#### Work order:
Below this line are records; write out exactly the lines from the one containing "In Microsoft Teams" through the one containing "金三塔里外高弹桑蚕丝聚拢轻奢缎面无钢圈舒适文胸内衣女胸罩新品 NZFEA305", with the pictures left out.

#### Data shown:
----------------
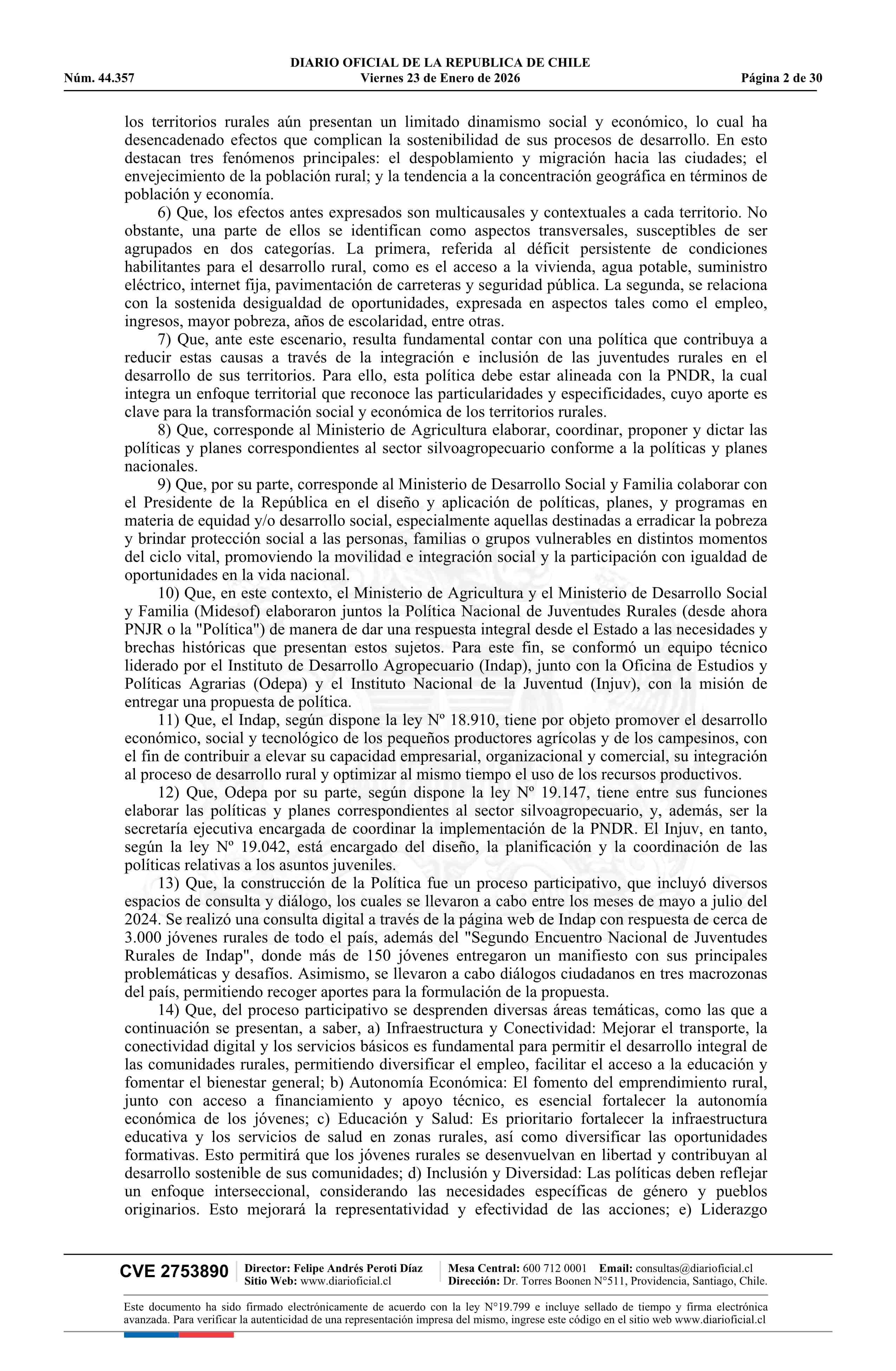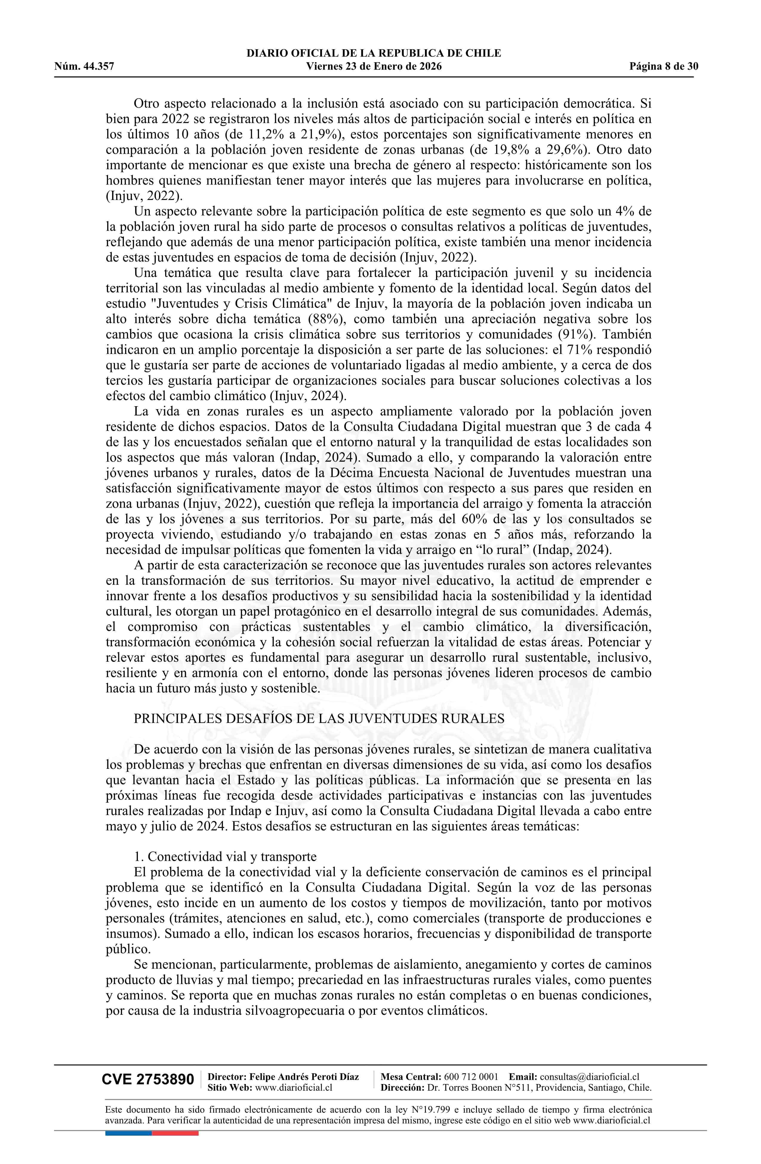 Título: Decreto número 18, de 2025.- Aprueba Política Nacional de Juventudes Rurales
----------------
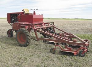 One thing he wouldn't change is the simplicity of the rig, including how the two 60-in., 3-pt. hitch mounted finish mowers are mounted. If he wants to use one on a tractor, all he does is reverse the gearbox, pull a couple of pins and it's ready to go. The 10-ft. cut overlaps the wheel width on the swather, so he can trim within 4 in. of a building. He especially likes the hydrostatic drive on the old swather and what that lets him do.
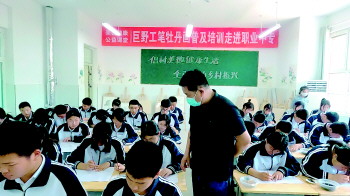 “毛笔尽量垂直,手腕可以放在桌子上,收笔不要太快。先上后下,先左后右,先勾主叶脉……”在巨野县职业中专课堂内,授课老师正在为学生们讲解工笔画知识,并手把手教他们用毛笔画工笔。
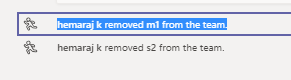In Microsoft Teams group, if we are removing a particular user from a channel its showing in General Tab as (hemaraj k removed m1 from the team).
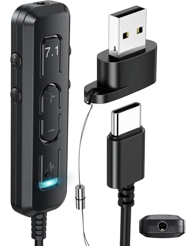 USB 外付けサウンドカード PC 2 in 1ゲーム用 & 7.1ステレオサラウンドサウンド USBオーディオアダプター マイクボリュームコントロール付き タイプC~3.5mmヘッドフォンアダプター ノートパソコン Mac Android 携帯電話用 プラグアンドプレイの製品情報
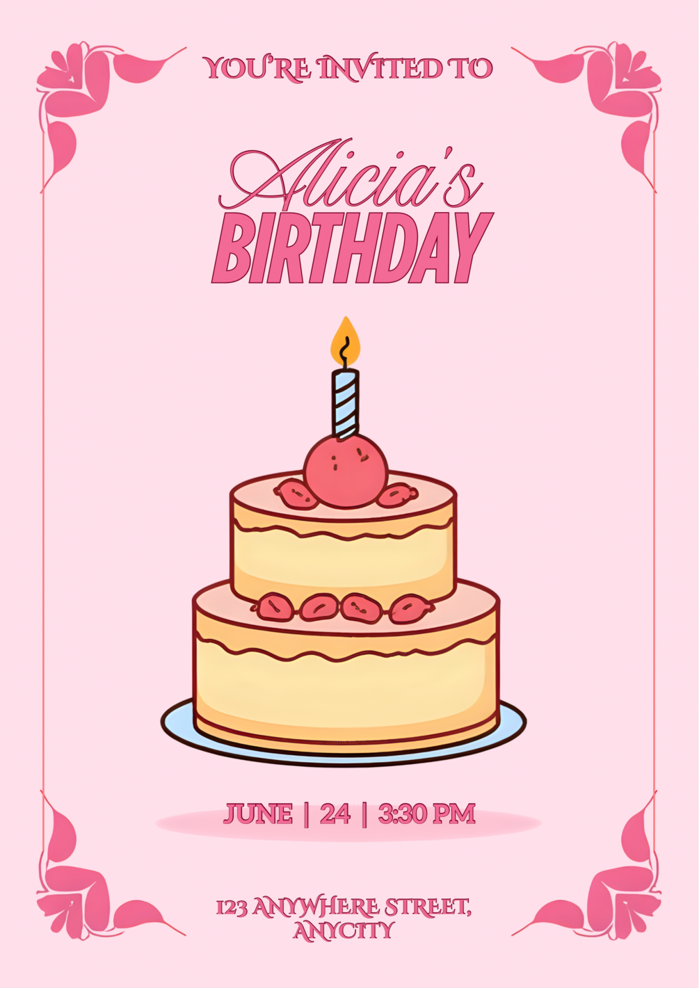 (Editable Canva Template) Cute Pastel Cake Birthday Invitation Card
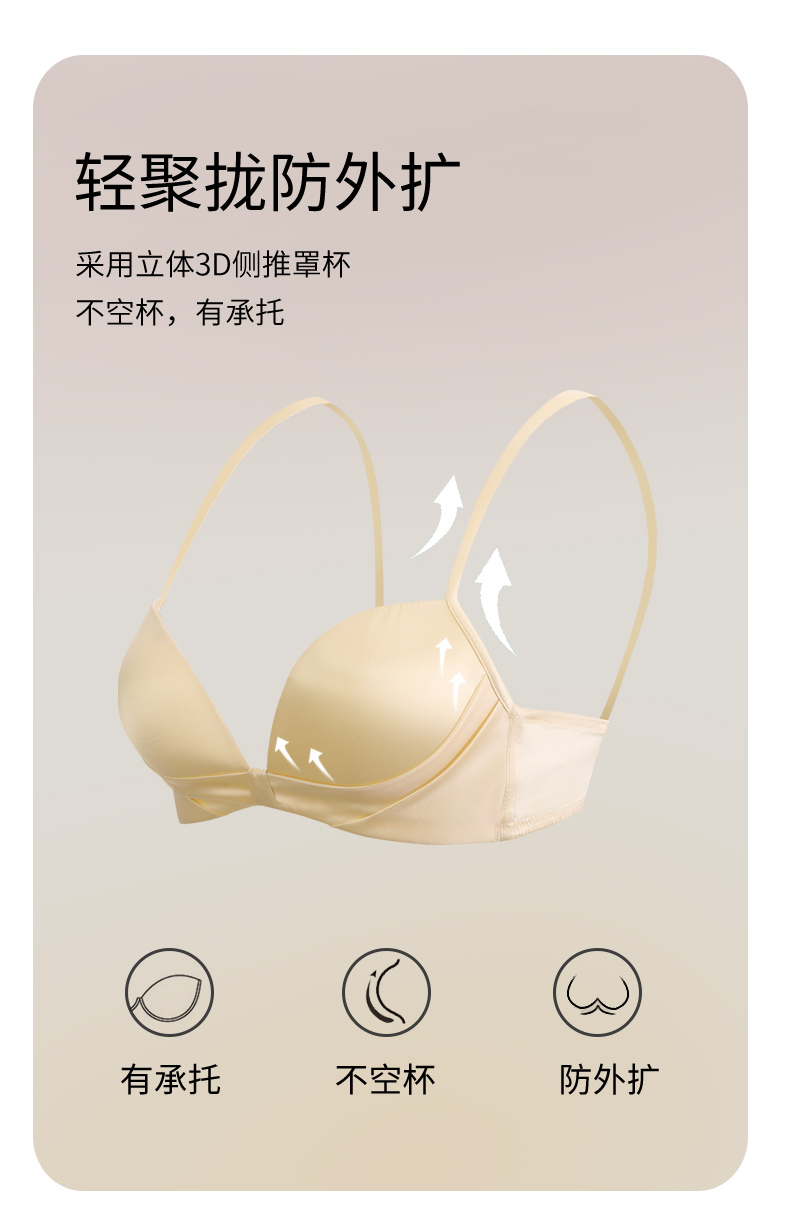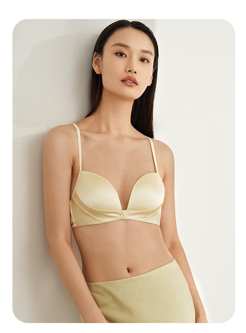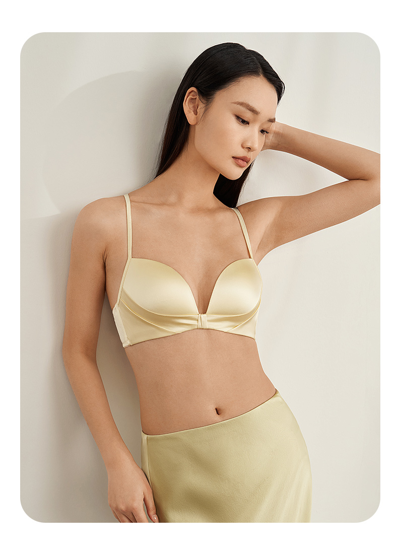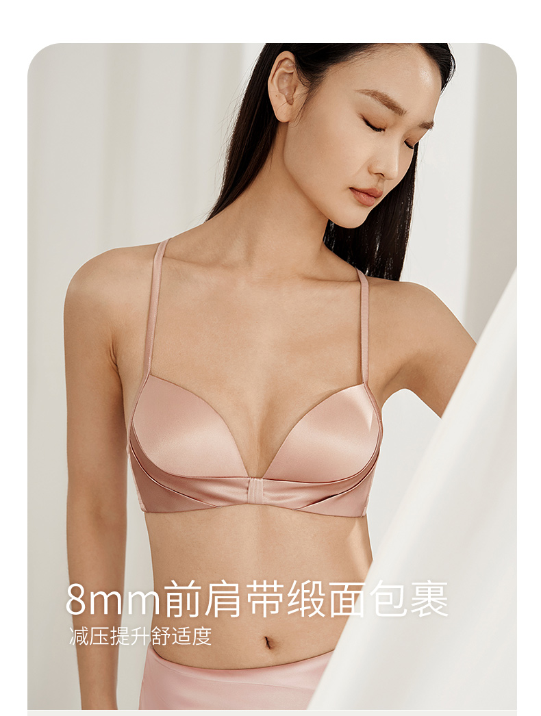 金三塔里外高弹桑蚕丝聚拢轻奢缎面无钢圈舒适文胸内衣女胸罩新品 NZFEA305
----------------
#### Solved problem:
In Microsoft Teams group, if we are removing a particular user from a channel its showing in General Tab as (hemaraj k removed m1 from the team).
 USB 外付けサウンドカード PC 2 in 1ゲーム用 & 7.1ステレオサラウンドサウンド USBオーディオアダプター マイクボリュームコントロール付き タイプC~3.5mmヘッドフォンアダプター ノートパソコン Mac Android 携帯電話用 プラグアンドプレイの製品情報
 (Editable Canva Template) Cute Pastel Cake Birthday Invitation Card
 金三塔里外高弹桑蚕丝聚拢轻奢缎面无钢圈舒适文胸内衣女胸罩新品 NZFEA305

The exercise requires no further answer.